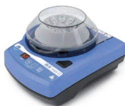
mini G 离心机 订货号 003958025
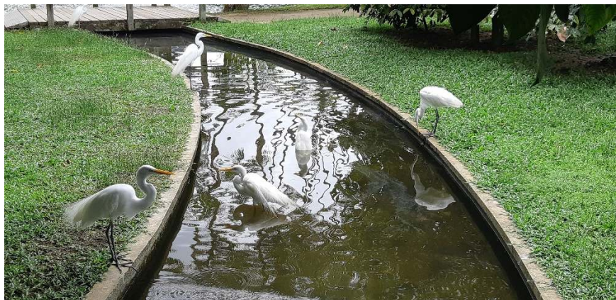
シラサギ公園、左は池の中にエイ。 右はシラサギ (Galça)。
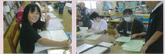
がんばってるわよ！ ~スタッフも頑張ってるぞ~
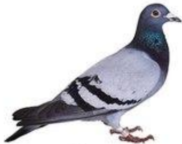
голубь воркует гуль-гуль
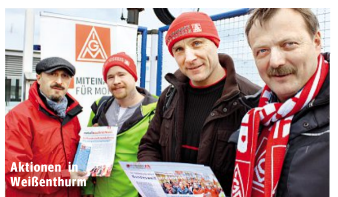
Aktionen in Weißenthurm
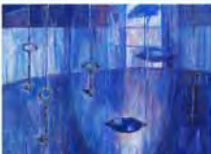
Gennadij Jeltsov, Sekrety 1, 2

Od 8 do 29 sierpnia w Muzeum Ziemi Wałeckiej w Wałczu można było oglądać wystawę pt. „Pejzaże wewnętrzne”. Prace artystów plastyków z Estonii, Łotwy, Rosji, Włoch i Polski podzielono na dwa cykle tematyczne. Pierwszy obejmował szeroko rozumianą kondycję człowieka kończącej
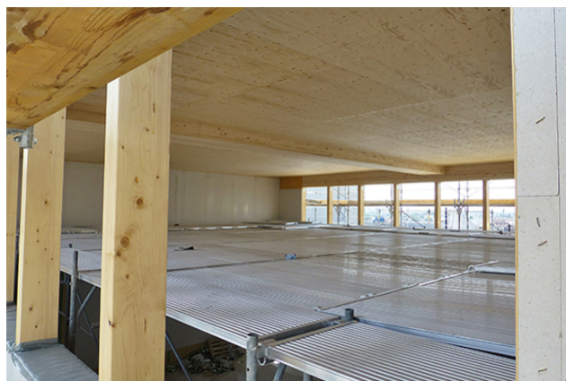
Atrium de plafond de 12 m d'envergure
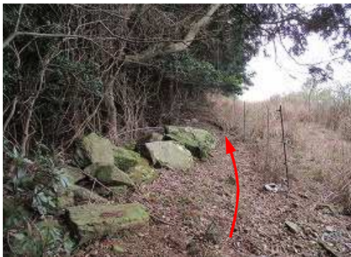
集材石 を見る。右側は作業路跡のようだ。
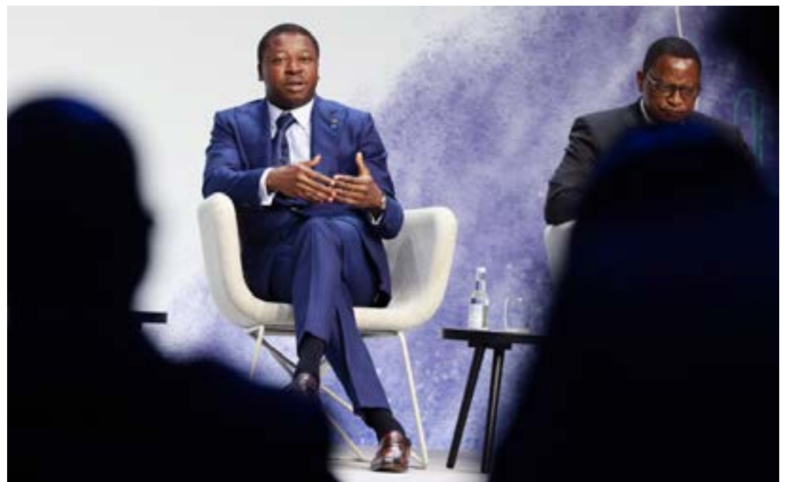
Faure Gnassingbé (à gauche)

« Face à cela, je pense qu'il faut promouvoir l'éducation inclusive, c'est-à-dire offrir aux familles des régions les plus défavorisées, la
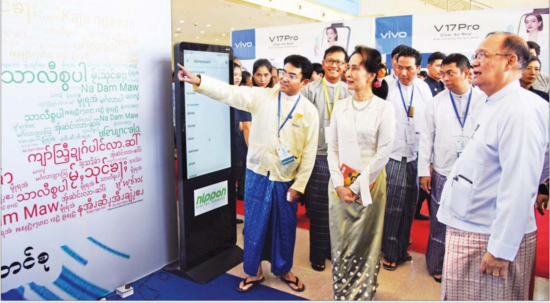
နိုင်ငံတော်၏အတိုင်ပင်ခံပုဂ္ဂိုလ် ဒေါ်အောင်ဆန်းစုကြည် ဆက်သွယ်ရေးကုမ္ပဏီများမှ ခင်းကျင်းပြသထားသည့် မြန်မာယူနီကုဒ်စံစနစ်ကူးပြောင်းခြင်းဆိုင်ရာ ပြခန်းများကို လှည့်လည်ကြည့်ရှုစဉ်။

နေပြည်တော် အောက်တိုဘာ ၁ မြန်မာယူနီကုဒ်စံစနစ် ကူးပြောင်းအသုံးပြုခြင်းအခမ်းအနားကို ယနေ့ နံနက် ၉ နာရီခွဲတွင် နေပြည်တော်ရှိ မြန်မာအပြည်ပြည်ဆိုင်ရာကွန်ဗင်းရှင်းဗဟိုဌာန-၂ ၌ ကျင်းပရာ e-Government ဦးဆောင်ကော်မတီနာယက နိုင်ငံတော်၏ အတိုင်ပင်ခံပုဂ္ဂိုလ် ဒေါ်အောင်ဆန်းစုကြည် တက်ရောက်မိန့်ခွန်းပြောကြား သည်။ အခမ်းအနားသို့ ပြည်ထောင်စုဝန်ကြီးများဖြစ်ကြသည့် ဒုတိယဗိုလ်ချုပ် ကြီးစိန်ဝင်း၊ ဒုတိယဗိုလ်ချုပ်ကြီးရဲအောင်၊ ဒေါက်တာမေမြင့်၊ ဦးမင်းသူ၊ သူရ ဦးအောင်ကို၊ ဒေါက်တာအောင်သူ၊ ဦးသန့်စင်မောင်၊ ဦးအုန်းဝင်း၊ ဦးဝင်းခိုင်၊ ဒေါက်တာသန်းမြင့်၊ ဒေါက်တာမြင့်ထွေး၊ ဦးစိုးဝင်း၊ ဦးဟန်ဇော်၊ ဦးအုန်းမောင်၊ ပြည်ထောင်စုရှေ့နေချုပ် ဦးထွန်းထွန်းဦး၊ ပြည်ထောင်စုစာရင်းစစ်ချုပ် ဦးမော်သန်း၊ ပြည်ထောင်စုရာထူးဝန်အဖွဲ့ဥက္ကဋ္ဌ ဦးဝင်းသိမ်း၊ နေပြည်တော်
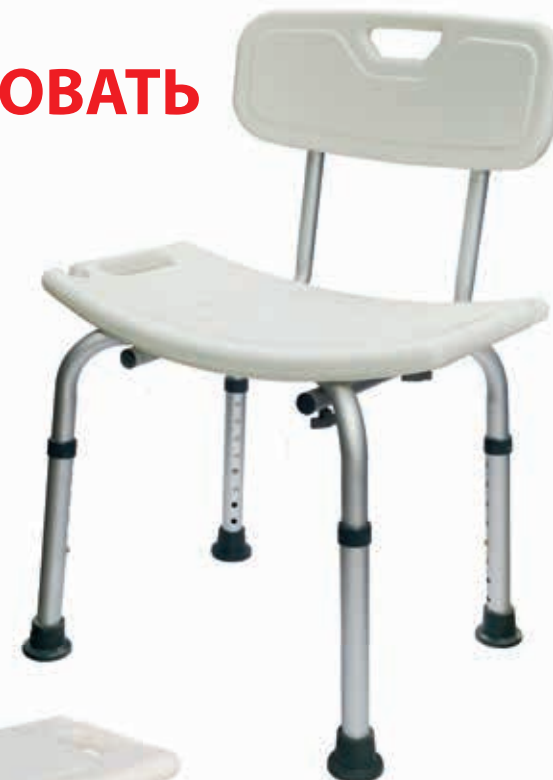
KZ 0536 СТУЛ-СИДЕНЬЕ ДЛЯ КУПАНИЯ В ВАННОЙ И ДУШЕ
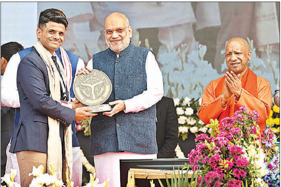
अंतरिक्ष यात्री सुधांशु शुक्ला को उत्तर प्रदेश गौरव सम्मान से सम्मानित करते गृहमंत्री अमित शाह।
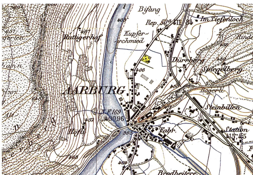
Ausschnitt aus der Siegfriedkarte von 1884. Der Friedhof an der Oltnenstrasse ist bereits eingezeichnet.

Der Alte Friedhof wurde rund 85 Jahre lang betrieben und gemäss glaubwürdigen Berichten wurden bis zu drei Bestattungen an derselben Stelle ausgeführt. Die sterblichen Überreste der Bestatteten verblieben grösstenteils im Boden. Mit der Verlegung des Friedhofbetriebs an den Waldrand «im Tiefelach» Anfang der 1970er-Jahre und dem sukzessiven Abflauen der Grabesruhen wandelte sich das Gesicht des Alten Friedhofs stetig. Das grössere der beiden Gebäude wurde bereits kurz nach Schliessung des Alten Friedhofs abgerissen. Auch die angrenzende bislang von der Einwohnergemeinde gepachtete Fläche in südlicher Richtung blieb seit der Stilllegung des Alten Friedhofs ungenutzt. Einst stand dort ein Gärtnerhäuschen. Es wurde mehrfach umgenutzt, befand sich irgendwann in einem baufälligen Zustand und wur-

------

- Task details
Where an entry includes an image, skip the image and return everything else exactly.

- Worked solution
mini G 离心机 订货号 003958025
シラサギ公園、左は池の中にエイ。 右はシラサギ (Galça)。
がんばってるわよ！ ~スタッフも頑張ってるぞ~
голубь воркует гуль-гуль
Aktionen in Weißenthurm
Gennadij Jeltsov, Sekrety 1, 2

Od 8 do 29 sierpnia w Muzeum Ziemi Wałeckiej w Wałczu można było oglądać wystawę pt. „Pejzaże wewnętrzne”. Prace artystów plastyków z Estonii, Łotwy, Rosji, Włoch i Polski podzielono na dwa cykle tematyczne. Pierwszy obejmował szeroko rozumianą kondycję człowieka kończącej
Atrium de plafond de 12 m d'envergure
集材石 を見る。右側は作業路跡のようだ。
Faure Gnassingbé (à gauche)

« Face à cela, je pense qu'il faut promouvoir l'éducation inclusive, c'est-à-dire offrir aux familles des régions les plus défavorisées, la
နိုင်ငံတော်၏အတိုင်ပင်ခံပုဂ္ဂိုလ် ဒေါ်အောင်ဆန်းစုကြည် ဆက်သွယ်ရေးကုမ္ပဏီများမှ ခင်းကျင်းပြသထားသည့် မြန်မာယူနီကုဒ်စံစနစ်ကူးပြောင်းခြင်းဆိုင်ရာ ပြခန်းများကို လှည့်လည်ကြည့်ရှုစဉ်။

နေပြည်တော် အောက်တိုဘာ ၁ မြန်မာယူနီကုဒ်စံစနစ် ကူးပြောင်းအသုံးပြုခြင်းအခမ်းအနားကို ယနေ့ နံနက် ၉ နာရီခွဲတွင် နေပြည်တော်ရှိ မြန်မာအပြည်ပြည်ဆိုင်ရာကွန်ဗင်းရှင်းဗဟိုဌာန-၂ ၌ ကျင်းပရာ e-Government ဦးဆောင်ကော်မတီနာယက နိုင်ငံတော်၏ အတိုင်ပင်ခံပုဂ္ဂိုလ် ဒေါ်အောင်ဆန်းစုကြည် တက်ရောက်မိန့်ခွန်းပြောကြား သည်။ အခမ်းအနားသို့ ပြည်ထောင်စုဝန်ကြီးများဖြစ်ကြသည့် ဒုတိယဗိုလ်ချုပ် ကြီးစိန်ဝင်း၊ ဒုတိယဗိုလ်ချုပ်ကြီးရဲအောင်၊ ဒေါက်တာမေမြင့်၊ ဦးမင်းသူ၊ သူရ ဦးအောင်ကို၊ ဒေါက်တာအောင်သူ၊ ဦးသန့်စင်မောင်၊ ဦးအုန်းဝင်း၊ ဦးဝင်းခိုင်၊ ဒေါက်တာသန်းမြင့်၊ ဒေါက်တာမြင့်ထွေး၊ ဦးစိုးဝင်း၊ ဦးဟန်ဇော်၊ ဦးအုန်းမောင်၊ ပြည်ထောင်စုရှေ့နေချုပ် ဦးထွန်းထွန်းဦး၊ ပြည်ထောင်စုစာရင်းစစ်ချုပ် ဦးမော်သန်း၊ ပြည်ထောင်စုရာထူးဝန်အဖွဲ့ဥက္ကဋ္ဌ ဦးဝင်းသိမ်း၊ နေပြည်တော်
KZ 0536 СТУЛ-СИДЕНЬЕ ДЛЯ КУПАНИЯ В ВАННОЙ И ДУШЕ
अंतरिक्ष यात्री सुधांशु शुक्ला को उत्तर प्रदेश गौरव सम्मान से सम्मानित करते गृहमंत्री अमित शाह।
Ausschnitt aus der Siegfriedkarte von 1884. Der Friedhof an der Oltnenstrasse ist bereits eingezeichnet.

Der Alte Friedhof wurde rund 85 Jahre lang betrieben und gemäss glaubwürdigen Berichten wurden bis zu drei Bestattungen an derselben Stelle ausgeführt. Die sterblichen Überreste der Bestatteten verblieben grösstenteils im Boden. Mit der Verlegung des Friedhofbetriebs an den Waldrand «im Tiefelach» Anfang der 1970er-Jahre und dem sukzessiven Abflauen der Grabesruhen wandelte sich das Gesicht des Alten Friedhofs stetig. Das grössere der beiden Gebäude wurde bereits kurz nach Schliessung des Alten Friedhofs abgerissen. Auch die angrenzende bislang von der Einwohnergemeinde gepachtete Fläche in südlicher Richtung blieb seit der Stilllegung des Alten Friedhofs ungenutzt. Einst stand dort ein Gärtnerhäuschen. Es wurde mehrfach umgenutzt, befand sich irgendwann in einem baufälligen Zustand und wur-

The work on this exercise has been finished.